Tuesday, March 27, 2007

Child Poverty Rates increase

Figures released today by the DWP (Department for Work and Pensions) show that 100,000 more children now live in relative poverty compared to a year ago.

Relative poverty is defined here as people living on 60% or below of average household income.

We already know that whilst tax credits have lifted those people close to the 60% barrier above it, it has in fact done little for those on 40% or below average household income, whose numbers have increased.

As George Osbourne says tax credits are not the only way. They will not on their own solve the problem. We need to tackle other issues like family breakdown, community cohesion and lack of aspiration that exists in some areas.

The BBC has this.

3 comments:

John said...

The more significant question surely, as pointed out on The Difference Magazine, is not whether everyone has equal wealth, but whether everyone enjoys equality of opportunity.

Jonathan said...

I question whether relative poverty is a good measure, since penalizing the rich would improve the "relative poverty" numbers without doing a bit of good for the poor.
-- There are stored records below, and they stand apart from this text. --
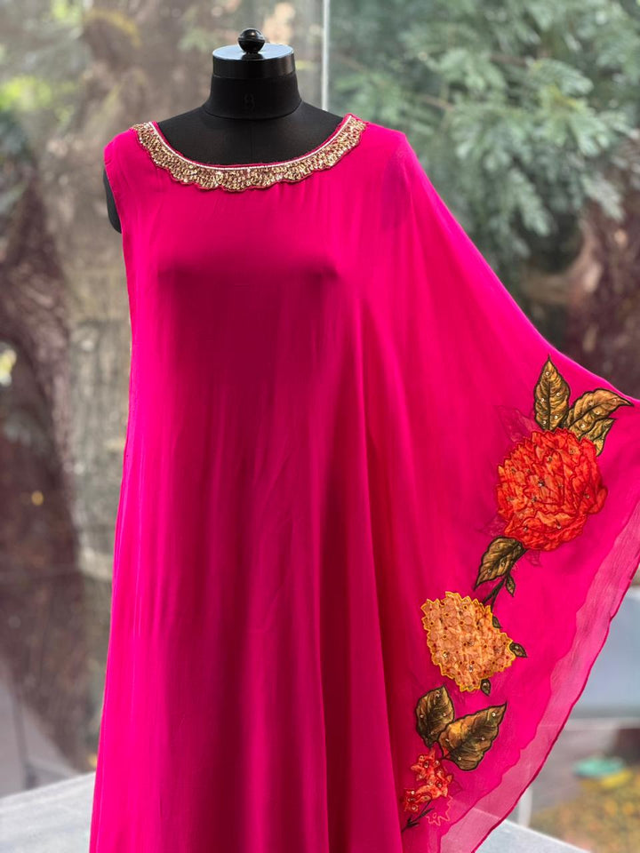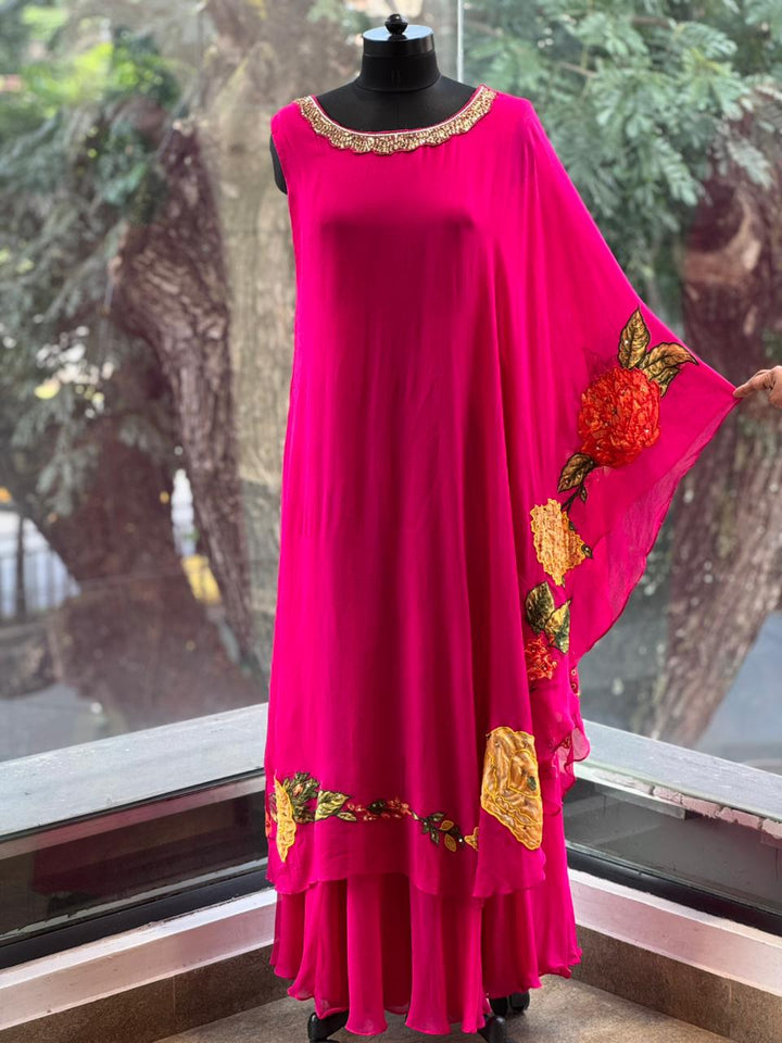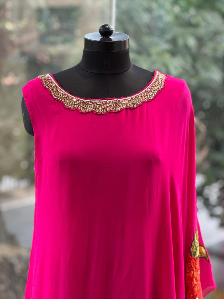 Pink georgette hi-low tunic with applique work detailling on one side flap.
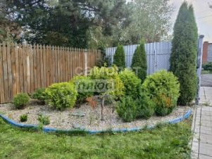 По периметру участка красиво высажены декоративные деревья. На участке так же растут туи, ель, цветы. Оборудовано несколько грядок.
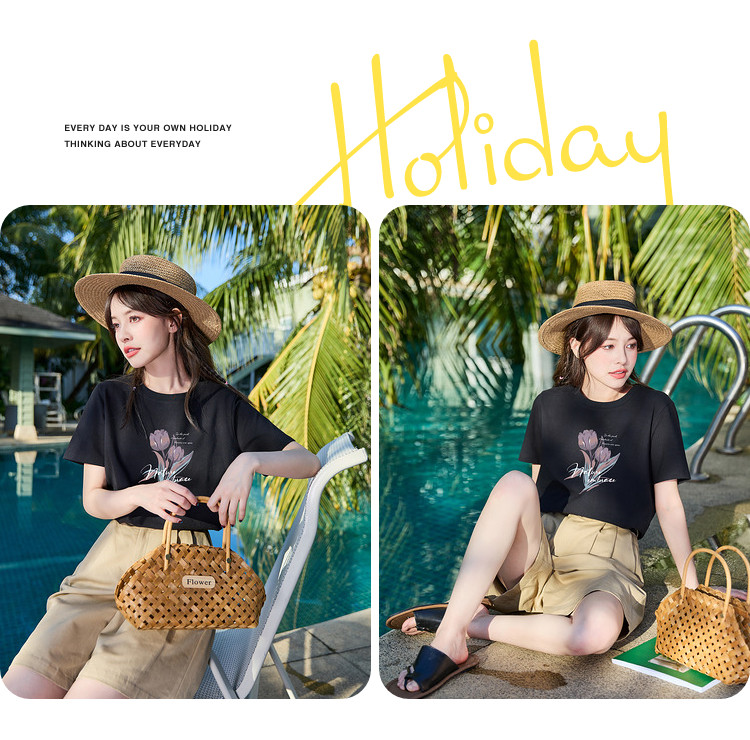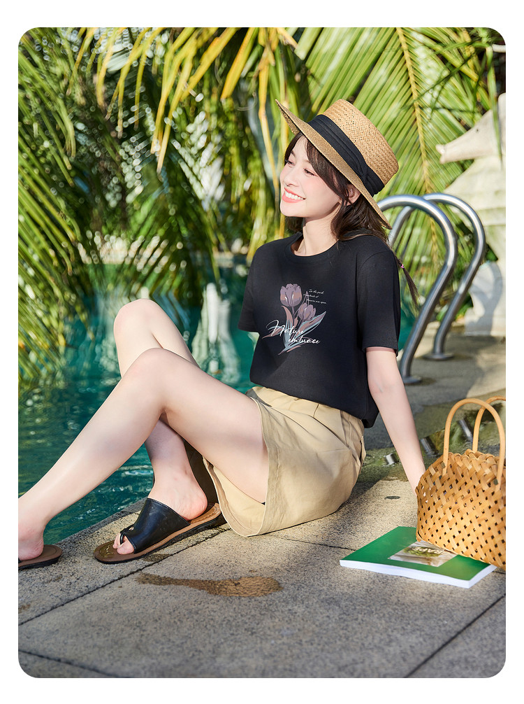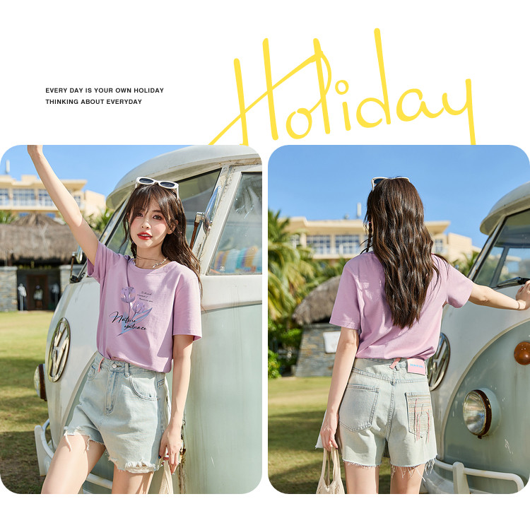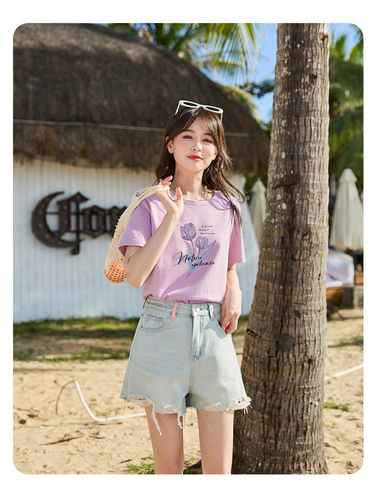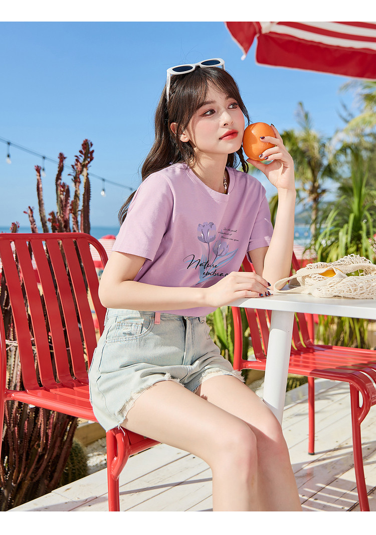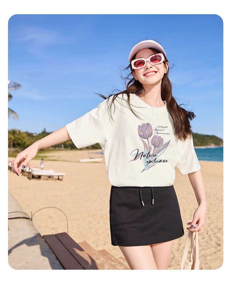 唐狮2024新款夏季水彩花卉短袖女T恤女甜美独特别致宽松上衣sz
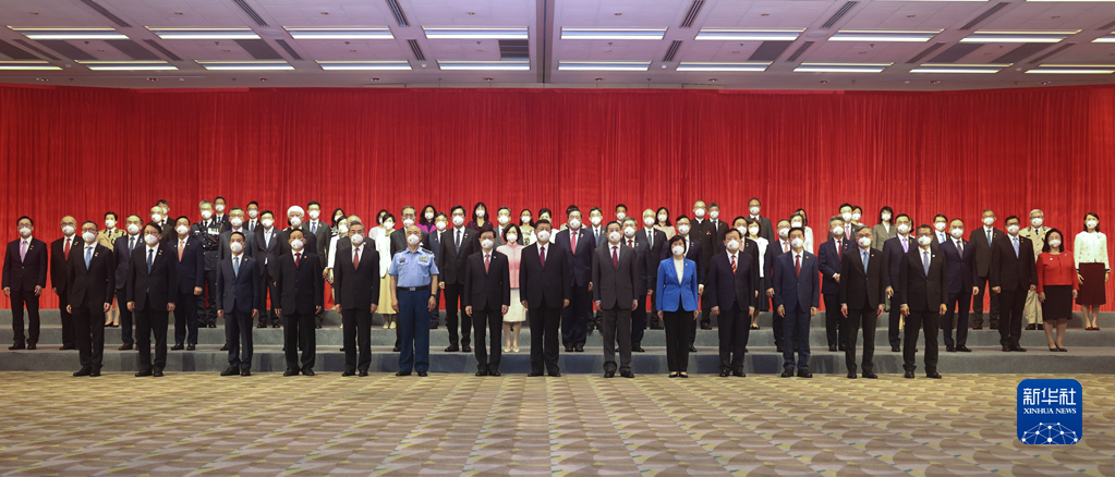 7月1日上午,國家主席習近平在香港特別行政區行政長(cháng)官李家超的陪同下,會(huì )見(jiàn)香港特別行政區新任行政、立法、司法機關(guān)負責人。新華社記者 鞠鵬 攝
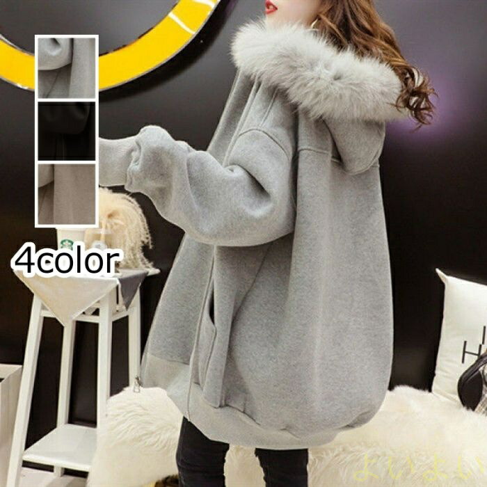 パーカー 裏起毛 レディース ジッパー ファーフード付き コート 厚手 アウター 防寒 ゆったり 秋冬
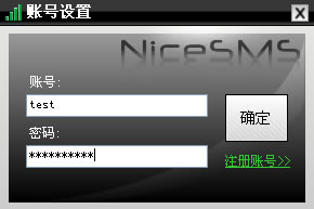 第二步,在這里填上短信平臺的賬號,確定后進(jìn)入主界面
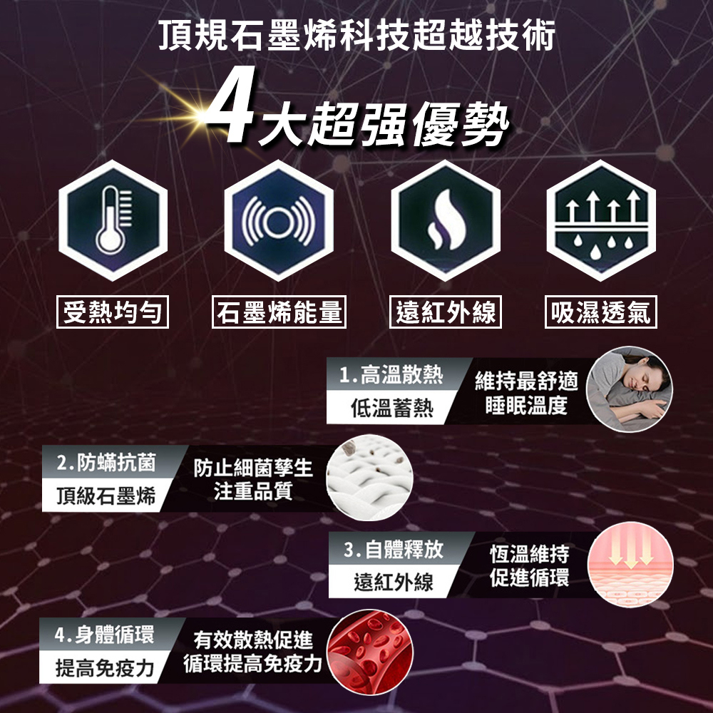 表布材質: 100%聚酯纖維(含24K石墨烯)
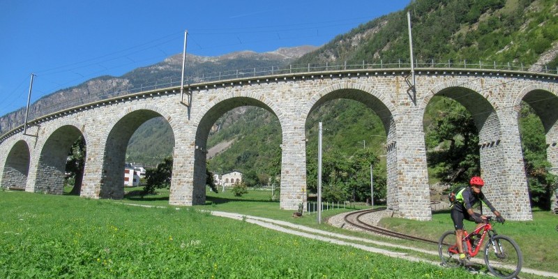 Il grazioso centro storico di Poschiavo segna la fine delle difficoltà: con un lungo tratto pianeggiante si pedala infatti sugli argini del rio Poschiavino e sulle sponde del lago di Poschiavo fino al punto panoramico di MIralago, prima di riprendere la discesa verso Tirano percorrendo strade secondarie e tratturi boschivi tra i quali spunta – a sorpresa poco prima della frontiera italiana – il passaggio ai piedi del caratteristico viadotto elicoidale di Brusio.
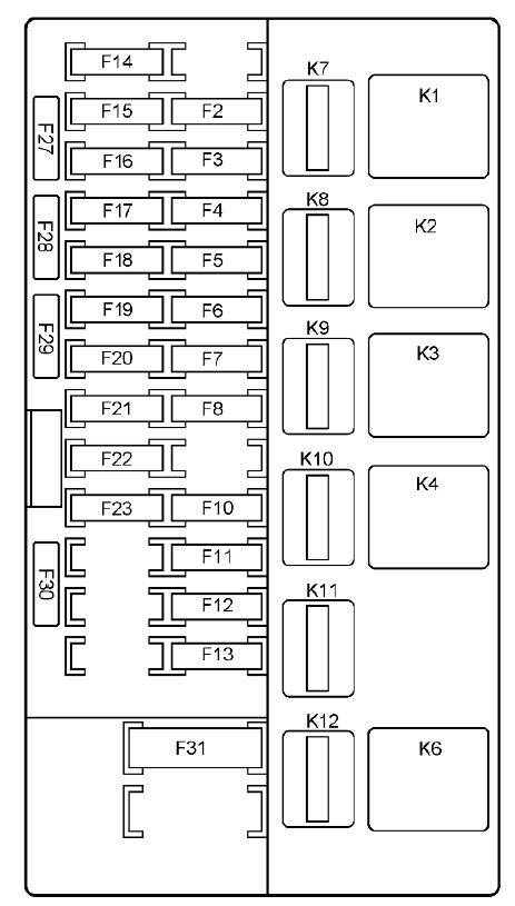 F3 (синий) 60 цепь питания электровентилятора системы охлаждения, звуковой сигнал, тревожный сигнал, замок зажигания, комбинация приборов, освещение салона, стоп-сигнал, прикуриватель
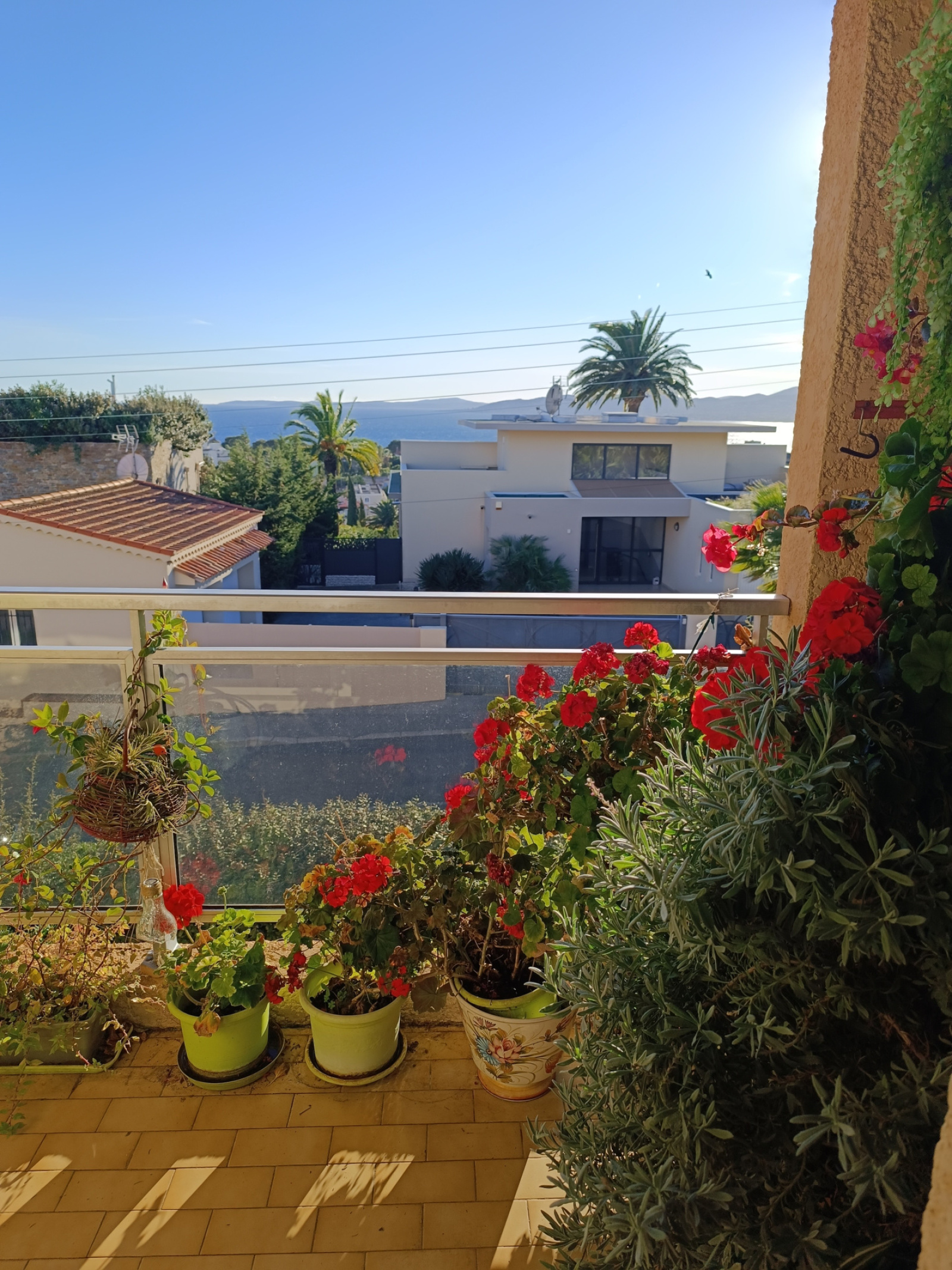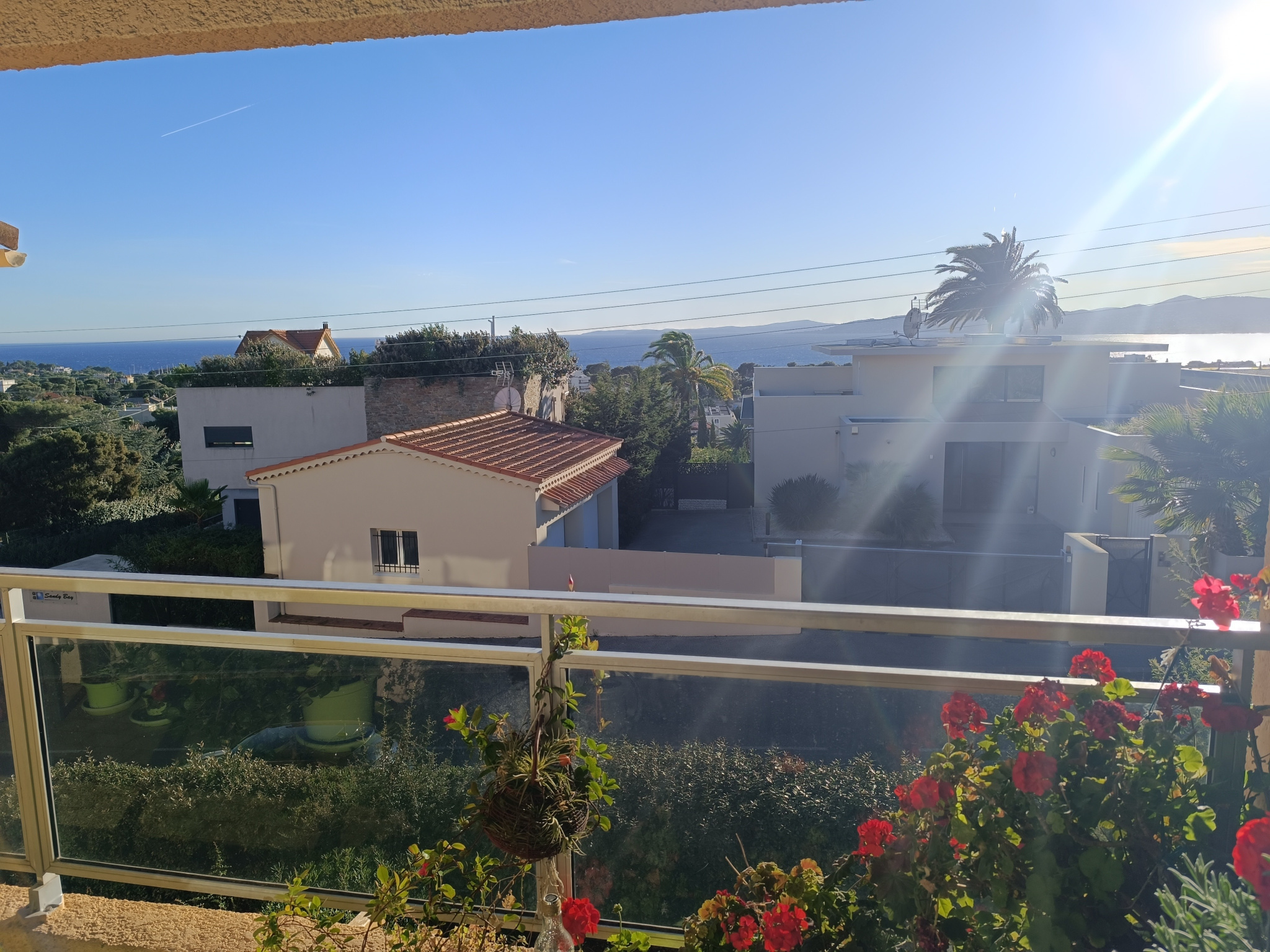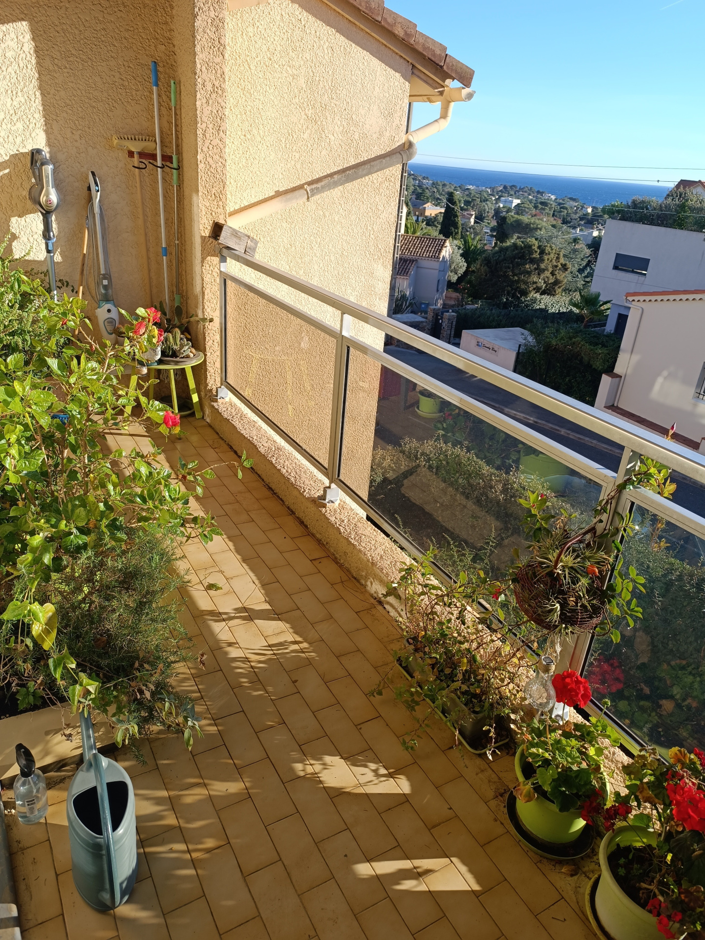 A l'étage une grande piece de vie avec w et salle d'eau et une magnifique terrasse ensoleillée avec vue panoramique sur la mer.

Are there statistics for absolute poverty levels?

Benedict White said...

John, To some extent you are right, though low aspiration is an issue which needs to be tackled in some areas.

Jonathan, Yes penalizing the rich will help relative poverty without actually achieving much. There has been some research on poverty levels including relative poverty levels.

Interestingly the poorest seem to be growing in number and have been since 1997 on the relative scale. I am not sure about absolute levels.